Scalar and Vector Aggregates
Without a GROUP BY clause the COUNT is a scalar aggregate. In SQL Server, this means the aggregate will always produce a row, even if it is given no rows to aggregate. The SQL Server scalar COUNT aggregate of no rows is zero.
When a GROUP BY clause is present, the COUNT aggregate is a vector aggregate. This produces no rows at all (not zero) when presented with an empty set.

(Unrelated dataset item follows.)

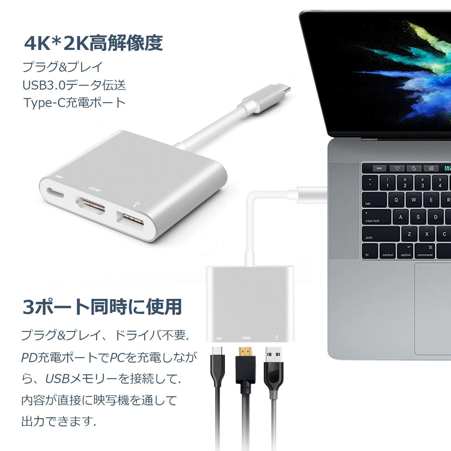USB 3.0 port + HDMI port + USB-C PD charging port

The following toy queries show the difference. You can also read more about scalar and vector aggregates in my article Fun with Scalar and Vector Aggregates.
-- Produces zero
SELECT COUNT_BIG(*) FROM #MyTable AS MT WHERE 0 = 1;
-- Produces no rows
SELECT COUNT_BIG(*) FROM #MyTable AS MT WHERE 0 = 1 GROUP BY ();
db<>fiddle demo
Transforming apply to join
SQL Server is very careful to preserve all the semantics when translating from apply to join. To simplify, consider the following APPLY:
DECLARE @A table (A integer NULL, B integer NULL);
DECLARE @B table (A integer NULL, B integer NULL);
INSERT @A (A, B) VALUES (1, 1);
INSERT @B (A, B) VALUES (2, 2);
SELECT * FROM @A AS A
CROSS APPLY (SELECT c = COUNT_BIG(*) FROM @B AS B WHERE B.A = A.A) AS CA;
The correct result for column c there is zero, because the COUNT_BIG is a scalar aggregate. When translating this apply query to join form, SQL Server generates an alternative that would look similar to the following if expressed in T-SQL:
SELECT A.*, c = COALESCE(J1.c, 0)
FROM @A AS A
LEFT JOIN
(
SELECT B.A, c = COUNT_BIG(*)
FROM @B AS B
GROUP BY B.A
) AS J1
ON J1.A = A.A;
db<>fiddle demo
To make this an uncorrelated join, SQL Server has to introduce a GROUP BY in the derived table (otherwise there could be no A column to join on). To preserve the semantics of the original, the join has to be an outer join so each row from table @A continues to produce a row in the output. The left join will produce a NULL for column c that needs to be further translated to zero by COALESCE.
With the GROUP BY
Continuing the simplified example, but adding a GROUP BY:
DECLARE @A table (A integer NULL, B integer NULL);
DECLARE @B table (A integer NULL, B integer NULL);
INSERT @A (A, B) VALUES (1, 1);
INSERT @B (A, B) VALUES (2, 2);
-- Original
SELECT * FROM @A AS A
CROSS APPLY
(SELECT c = COUNT_BIG(*) FROM @B AS B WHERE B.A = A.A GROUP BY B.A) AS CA;
The COUNT_BIG is now a vector aggregate, so the correct result for an empty input set is no longer zero, it is no row at all. In other words, running the statements above produces no output.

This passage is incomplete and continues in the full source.